___ Dataset section ___
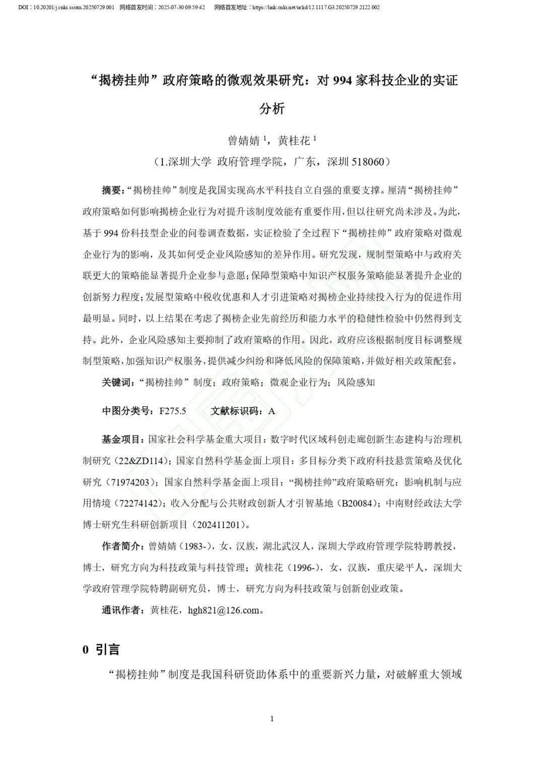 文章来源:曾婧婧,黄桂花.“揭榜挂帅”政府策略的微观效果研究:对994家科技企业的实证分析[J/OL].科学学与科学技术管理,1-38[2025-08-26].https://doi.org/10.20201/j.cnki.ssstm.20250729.001.
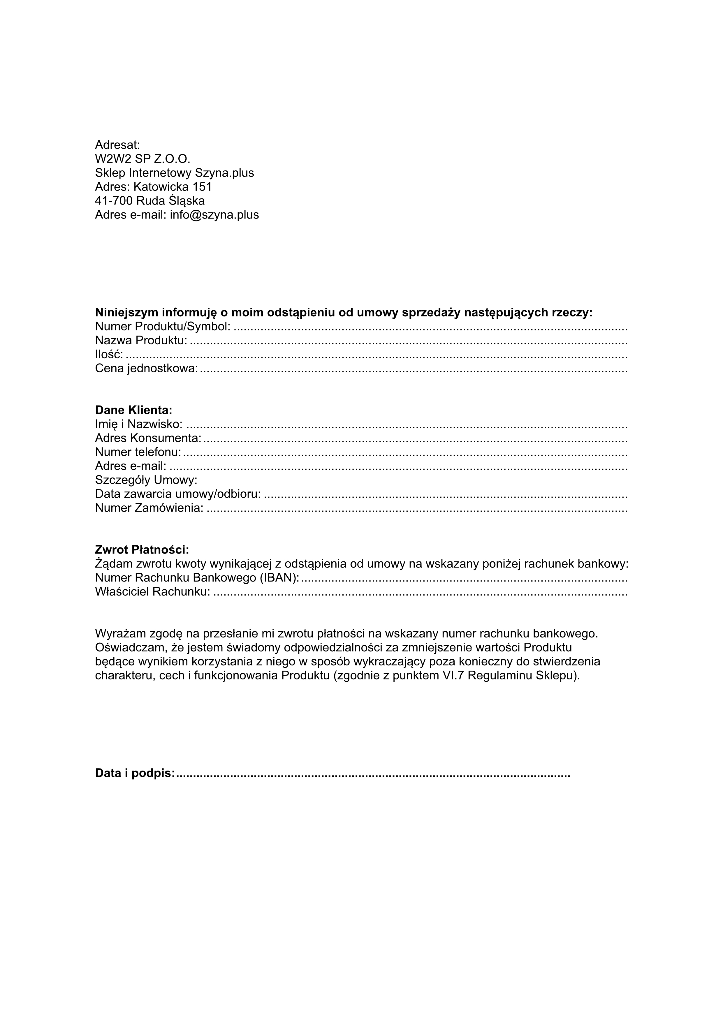 Wzór formularza odstąpienia od umowy jest dostępny do pobrania poniżej.
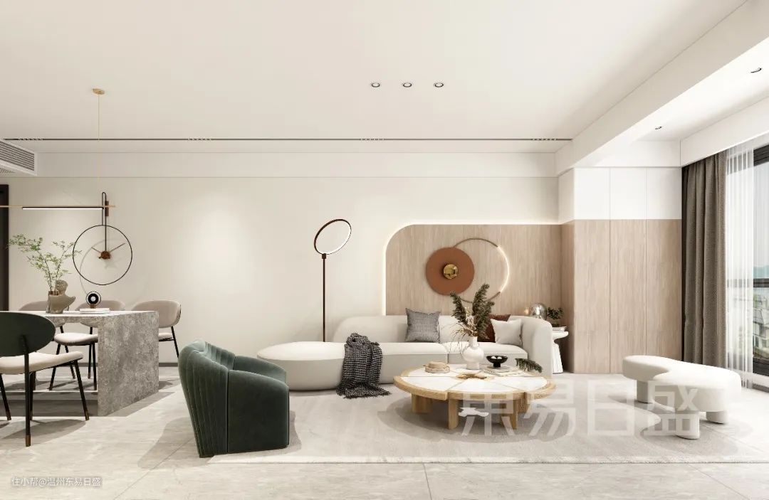 以白色和原木色装饰打造整个空间清新简约的氛围,木格栅与大理石结合的悬浮电视背景墙,丰富了空间的层次,安宁静谧的居家氛围不期而至。由此形成的两条动线模式,为通往卧室、餐厅带来更多趣味感。
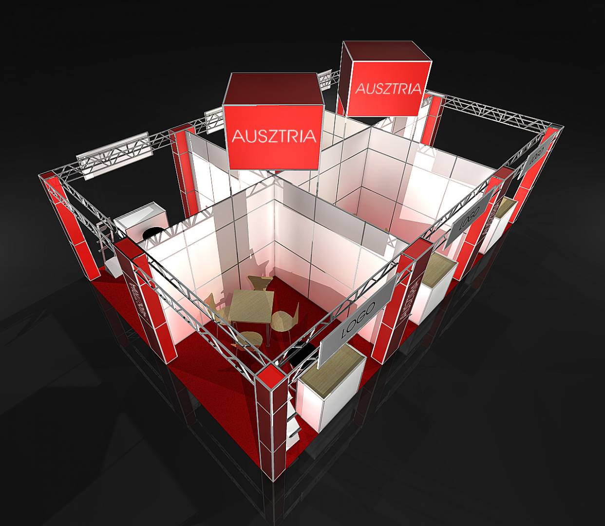 A stand fölé kocka látványelemeket helyeztünk a cég logójával. A válaszfalak és az oszlopok képviselik
___
• Goal of the exercise: Restate all of the material above word for word. Pictures do not belong in it.

• Expected answer:
 文章来源:曾婧婧,黄桂花.“揭榜挂帅”政府策略的微观效果研究:对994家科技企业的实证分析[J/OL].科学学与科学技术管理,1-38[2025-08-26].https://doi.org/10.20201/j.cnki.ssstm.20250729.001.
 Wzór formularza odstąpienia od umowy jest dostępny do pobrania poniżej.
 以白色和原木色装饰打造整个空间清新简约的氛围,木格栅与大理石结合的悬浮电视背景墙,丰富了空间的层次,安宁静谧的居家氛围不期而至。由此形成的两条动线模式,为通往卧室、餐厅带来更多趣味感。
 A stand fölé kocka látványelemeket helyeztünk a cég logójával. A válaszfalak és az oszlopok képviselik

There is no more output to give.